• Given material:
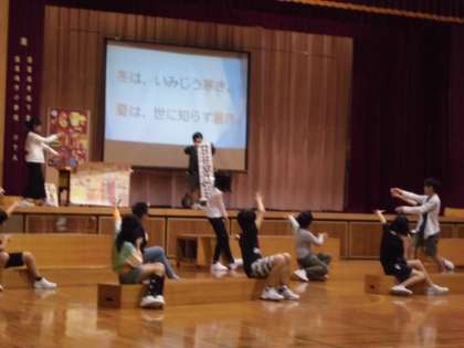 校内発表会で、上学年の子供たちは、学んだことや学習を通して考えたことなどを発表しました。子供たちは、学習発表会で最高の演技をしようとはりきっています。
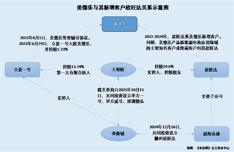 《金证研》北方资本中心 乐之DL/作者 廉贞/风控 2025年10月9日,北京证券交易所(以下简称“北交所”)正式启用独立的“920”证券代码号段,市场整体实现证券代码的统一与升级。在此背景下,大连美德乐工业自动化股份有限公司(以下简称“美德乐”)也是“排队”申报北交所的一员。 签订上市辅导当月,即2023年6月,成立于2023年2月的私募基金或“突击”入股美德乐。值得注意是,该私募基金的第一大有限合伙人王明旺,或系上市企业欣旺达(300207)的实控人兼控股股东。而报告期内即2022-2024年,欣旺达成为美德乐的新增客户。另一方面,美德乐披露的销售数据或与客户披露的采购额“对不上”,且其聘请的审计机构频因执业问题被“点名”。 一、上市辅导当月私募股东“突击”入股,且该私募的有限合伙人或为美德乐新增客户实控人 抽丝剥茧方能了解事情真相。美德乐签署辅导协议当月,一家私募基金入股美德乐,深入研究发现,该私募基金的第一大有限合伙人,或系美德乐报告期内新增客户的实控人。 1.1 2023年6月签署上市辅导协议,同月私募股东立夏一号入股并持股1.23% 据美德乐保荐机构签署于2023年6月1日的《关于美德乐首次公开发行股票并上市辅导备案报告》,2023年6月1日,美德乐与国泰海通证券(600837)股份有限公司签署上市辅导协议。 据美德乐签署于2024年5月10日的《北京德恒律师事务所关于美德乐申请股票在全国中小企业股份转让系统挂牌并公开转让的法律意见》(以下简称“签署于2024年5月10日的法律意见”),2023年6月29日,美德乐注册资本由5,509.03万元增资至5,612.33万元,其中68.86万元出资由私募基金深圳市立夏一号创业投资合伙企业(有限合伙)(以下简称“立夏一号”)以货币方式认缴,34.43万元出资由宁波鼎祥名仕创业投资合伙企业(有限合伙)(以下简称“鼎祥名仕”)以货币方式认缴。本次增资的价格为29.04元/股。 据美德乐签署于2025年5月23日的招股说明书(以下简称“签署于2025年5月23日的招股书”),截至签署日,立夏一号、鼎祥名仕分别持有美德乐1.23%、0.89%的股份。 即美德乐签订上市辅导协议同月即2023年6月,立夏一号、鼎祥名仕入股美德乐。 值得关注的是,王明旺系立夏一号的有限合伙人之一。 1.2立夏一号第一大有限合伙人王明旺持股13.74%,章焕城为立夏一号基金管理人德弘联信的实控人 据签署于2024年5月10日的法律意见,立夏一号成立于2023年2月8日,执行事务合伙人为深圳市德弘联信私募股权基金管理有限公司(以下简称“德弘联信”)。截至法律意见出具日2024年5月15日,王明旺对立夏一号的出资比例为13.74%,为立夏一号第一大有限合伙人。 据市场监督管理局数据,截至查询日2025年10月24日,王明旺对立夏一号的出资比例为13.74%。 此外,德弘联信成立于2014年11月12日。截至查询日2025年10月24日,德弘联信的法定代表人系章焕城,德弘联信的股东系刘军辉、姚高升、章焕城。2024年3月21日,德弘联信发生投资额变更。变更前,章焕城、刘军辉、姚高升、李焯荣分别持股24.5%、24.5%、2%、49%。变更后,章焕城、刘军辉、姚高升分别持股73.5%、24.5%、2%。 据基金证券业协会公开信息,截至查询日2025年10月24日,德弘联信的实际控制人为章焕城。 关于王明旺的背景或值得关注。 1.3 欣旺达为美德乐2022-2024年新增客户,其实控人也名为“王明旺” 需要指出的是,同名的“王明旺”,名下的企业包括欣旺达电子股份有限公司(以下简称“欣旺达”)。 据欣旺达2025年半年报,截至出具日2025年8月28日,欣旺达的控股股东、实控人也名为“王明旺”。 据美德乐签署于2025年8月14日的《关于美德乐向不特定合格投资者公开发行股票并在北交所上市申请文件审核问询函的回复》(以下简称“首轮问询回复”),2022-2024年,美德乐新增客户包括欣旺达等知名大型企业,新客户的开拓及合作关系的逐渐加深为美德乐未来业绩带来新的增长点。 据签署于2025年5月23日的招股书,2022-2024年,美德乐产品新能源电池应用领域的主要知名客户或终端客户包括欣旺达。 此外,章焕城与王明旺多次现身同一私募基金,或值得关注。 1.4 欣旺达实控人“王明旺”,系德弘联信管理的私募基金毕节一号的合伙人之一 据欣旺达签署于2024年12月19日《欣旺达关于全资子公司与专业投资机构共同投资的进展公告》,2024年12月16日,欣旺达全资子公司深圳市前海弘盛创业投资服务有限公司(以下简称“前海弘盛”)与德弘联信、山东信华私募基金管理有限公司及滕州市财金产业发展投资合伙企业(有限合伙),共同投资设立滕州欣旺达绿色资源创业投资基金合伙企业(有限合伙)(以下简称“滕州欣旺达”)。 据市场监督管理局数据,截至查询日2025年10月24日,滕州欣旺达的合伙人未发生变更。 据广东思泉新材料股份有限公司签署于2023年10月18日的招股说明书,欣旺达实控人王明旺系深圳市毕方一号投资中心(有限合伙)(以下简称“毕方一号”)的有限合伙人。 据欣旺达2024年半年报,截至出具日2024年8月30日,欣旺达实控人王明旺担任金华金开德弘联信毕方贰号投资中心(有限合伙)(以下简称“毕方贰号”)的有限合伙人。 据市场监督管理局数据,深圳市德弘联信新三板投资中心(有限合伙)(以下简称“深圳德弘”)的一名合伙人也名为“王明旺”。 截至查询日2025年10月24日,毕方一号、毕方贰号、深圳德弘的执行事务合伙
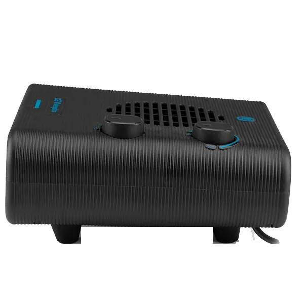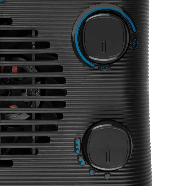 Potência máxima: 2200W3 posições operacionais:– Ventilador– Calor: 1100W– Calor: 2200WCalor instantâneoDesign horizontal altamente estávelTermóstato ajustável de temperatura ambienteSistema de proteção contra sobreaquecimentoLuz indicadora de operaçãoLeve e fácil de transportarMedidas (lxaxp): 25x12x25cmConexão: 230V – 50Hz
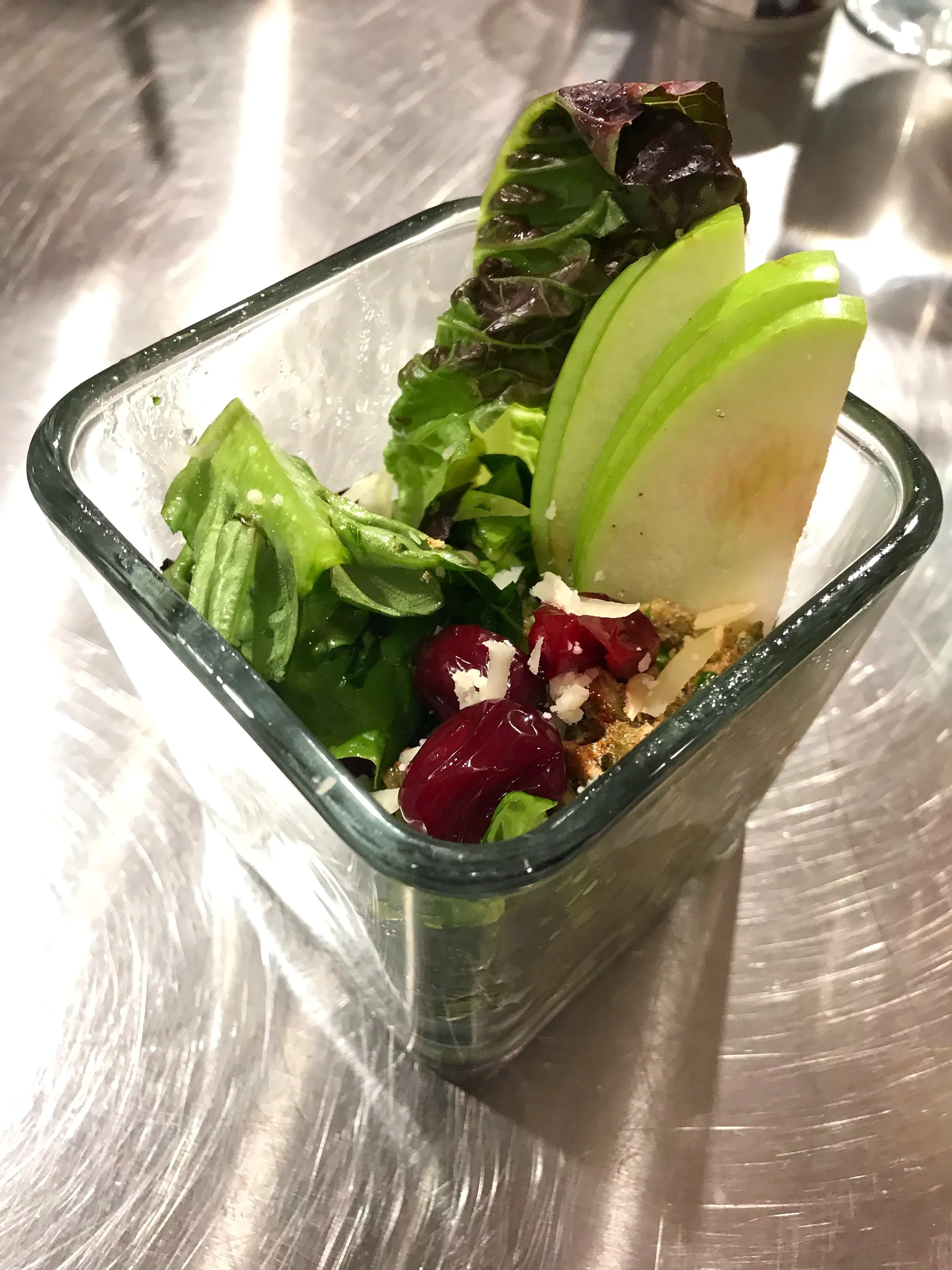 Coming up next was the second course. Chef Dana created a Pear Soup with blueberries, pomegranate seeds and a touch of prosecco. It was also topped with a long whole grain crouton with raisin butter and blue cheese. Honestly, I've never experienced anything like this before. The prosecco added sweetness and the pomegranate seeds were a nice addition. I LOVED it! The only thing missing were four more bowls with my name on it, haha! This was different and I enjoyed every spoonful of it. On to the third course. We were served a pumpkin salad with cranberries, apples, candied pumpkin seeds and gruyere cheese. The dressing was an apple cider vinaigrette. The ingredients all blended perfectly together. It was a mildly sweet salad and the apple cider vinaigrette gave it a nice balance.

• What to work on: The pictures stay out; copy the rest of the data word for word.

• Answer section:
 校内発表会で、上学年の子供たちは、学んだことや学習を通して考えたことなどを発表しました。子供たちは、学習発表会で最高の演技をしようとはりきっています。
 《金证研》北方资本中心 乐之DL/作者 廉贞/风控 2025年10月9日,北京证券交易所(以下简称“北交所”)正式启用独立的“920”证券代码号段,市场整体实现证券代码的统一与升级。在此背景下,大连美德乐工业自动化股份有限公司(以下简称“美德乐”)也是“排队”申报北交所的一员。 签订上市辅导当月,即2023年6月,成立于2023年2月的私募基金或“突击”入股美德乐。值得注意是,该私募基金的第一大有限合伙人王明旺,或系上市企业欣旺达(300207)的实控人兼控股股东。而报告期内即2022-2024年,欣旺达成为美德乐的新增客户。另一方面,美德乐披露的销售数据或与客户披露的采购额“对不上”,且其聘请的审计机构频因执业问题被“点名”。 一、上市辅导当月私募股东“突击”入股,且该私募的有限合伙人或为美德乐新增客户实控人 抽丝剥茧方能了解事情真相。美德乐签署辅导协议当月,一家私募基金入股美德乐,深入研究发现,该私募基金的第一大有限合伙人,或系美德乐报告期内新增客户的实控人。 1.1 2023年6月签署上市辅导协议,同月私募股东立夏一号入股并持股1.23% 据美德乐保荐机构签署于2023年6月1日的《关于美德乐首次公开发行股票并上市辅导备案报告》,2023年6月1日,美德乐与国泰海通证券(600837)股份有限公司签署上市辅导协议。 据美德乐签署于2024年5月10日的《北京德恒律师事务所关于美德乐申请股票在全国中小企业股份转让系统挂牌并公开转让的法律意见》(以下简称“签署于2024年5月10日的法律意见”),2023年6月29日,美德乐注册资本由5,509.03万元增资至5,612.33万元,其中68.86万元出资由私募基金深圳市立夏一号创业投资合伙企业(有限合伙)(以下简称“立夏一号”)以货币方式认缴,34.43万元出资由宁波鼎祥名仕创业投资合伙企业(有限合伙)(以下简称“鼎祥名仕”)以货币方式认缴。本次增资的价格为29.04元/股。 据美德乐签署于2025年5月23日的招股说明书(以下简称“签署于2025年5月23日的招股书”),截至签署日,立夏一号、鼎祥名仕分别持有美德乐1.23%、0.89%的股份。 即美德乐签订上市辅导协议同月即2023年6月,立夏一号、鼎祥名仕入股美德乐。 值得关注的是,王明旺系立夏一号的有限合伙人之一。 1.2立夏一号第一大有限合伙人王明旺持股13.74%,章焕城为立夏一号基金管理人德弘联信的实控人 据签署于2024年5月10日的法律意见,立夏一号成立于2023年2月8日,执行事务合伙人为深圳市德弘联信私募股权基金管理有限公司(以下简称“德弘联信”)。截至法律意见出具日2024年5月15日,王明旺对立夏一号的出资比例为13.74%,为立夏一号第一大有限合伙人。 据市场监督管理局数据,截至查询日2025年10月24日,王明旺对立夏一号的出资比例为13.74%。 此外,德弘联信成立于2014年11月12日。截至查询日2025年10月24日,德弘联信的法定代表人系章焕城,德弘联信的股东系刘军辉、姚高升、章焕城。2024年3月21日,德弘联信发生投资额变更。变更前,章焕城、刘军辉、姚高升、李焯荣分别持股24.5%、24.5%、2%、49%。变更后,章焕城、刘军辉、姚高升分别持股73.5%、24.5%、2%。 据基金证券业协会公开信息,截至查询日2025年10月24日,德弘联信的实际控制人为章焕城。 关于王明旺的背景或值得关注。 1.3 欣旺达为美德乐2022-2024年新增客户,其实控人也名为“王明旺” 需要指出的是,同名的“王明旺”,名下的企业包括欣旺达电子股份有限公司(以下简称“欣旺达”)。 据欣旺达2025年半年报,截至出具日2025年8月28日,欣旺达的控股股东、实控人也名为“王明旺”。 据美德乐签署于2025年8月14日的《关于美德乐向不特定合格投资者公开发行股票并在北交所上市申请文件审核问询函的回复》(以下简称“首轮问询回复”),2022-2024年,美德乐新增客户包括欣旺达等知名大型企业,新客户的开拓及合作关系的逐渐加深为美德乐未来业绩带来新的增长点。 据签署于2025年5月23日的招股书,2022-2024年,美德乐产品新能源电池应用领域的主要知名客户或终端客户包括欣旺达。 此外,章焕城与王明旺多次现身同一私募基金,或值得关注。 1.4 欣旺达实控人“王明旺”,系德弘联信管理的私募基金毕节一号的合伙人之一 据欣旺达签署于2024年12月19日《欣旺达关于全资子公司与专业投资机构共同投资的进展公告》,2024年12月16日,欣旺达全资子公司深圳市前海弘盛创业投资服务有限公司(以下简称“前海弘盛”)与德弘联信、山东信华私募基金管理有限公司及滕州市财金产业发展投资合伙企业(有限合伙),共同投资设立滕州欣旺达绿色资源创业投资基金合伙企业(有限合伙)(以下简称“滕州欣旺达”)。 据市场监督管理局数据,截至查询日2025年10月24日,滕州欣旺达的合伙人未发生变更。 据广东思泉新材料股份有限公司签署于2023年10月18日的招股说明书,欣旺达实控人王明旺系深圳市毕方一号投资中心(有限合伙)(以下简称“毕方一号”)的有限合伙人。 据欣旺达2024年半年报,截至出具日2024年8月30日,欣旺达实控人王明旺担任金华金开德弘联信毕方贰号投资中心(有限合伙)(以下简称“毕方贰号”)的有限合伙人。 据市场监督管理局数据,深圳市德弘联信新三板投资中心(有限合伙)(以下简称“深圳德弘”)的一名合伙人也名为“王明旺”。 截至查询日2025年10月24日,毕方一号、毕方贰号、深圳德弘的执行事务合伙
 Potência máxima: 2200W3 posições operacionais:– Ventilador– Calor: 1100W– Calor: 2200WCalor instantâneoDesign horizontal altamente estávelTermóstato ajustável de temperatura ambienteSistema de proteção contra sobreaquecimentoLuz indicadora de operaçãoLeve e fácil de transportarMedidas (lxaxp): 25x12x25cmConexão: 230V – 50Hz
 Coming up next was the second course. Chef Dana created a Pear Soup with blueberries, pomegranate seeds and a touch of prosecco. It was also topped with a long whole grain crouton with raisin butter and blue cheese. Honestly, I've never experienced anything like this before. The prosecco added sweetness and the pomegranate seeds were a nice addition. I LOVED it! The only thing missing were four more bowls with my name on it, haha! This was different and I enjoyed every spoonful of it. On to the third course. We were served a pumpkin salad with cranberries, apples, candied pumpkin seeds and gruyere cheese. The dressing was an apple cider vinaigrette. The ingredients all blended perfectly together. It was a mildly sweet salad and the apple cider vinaigrette gave it a nice balance.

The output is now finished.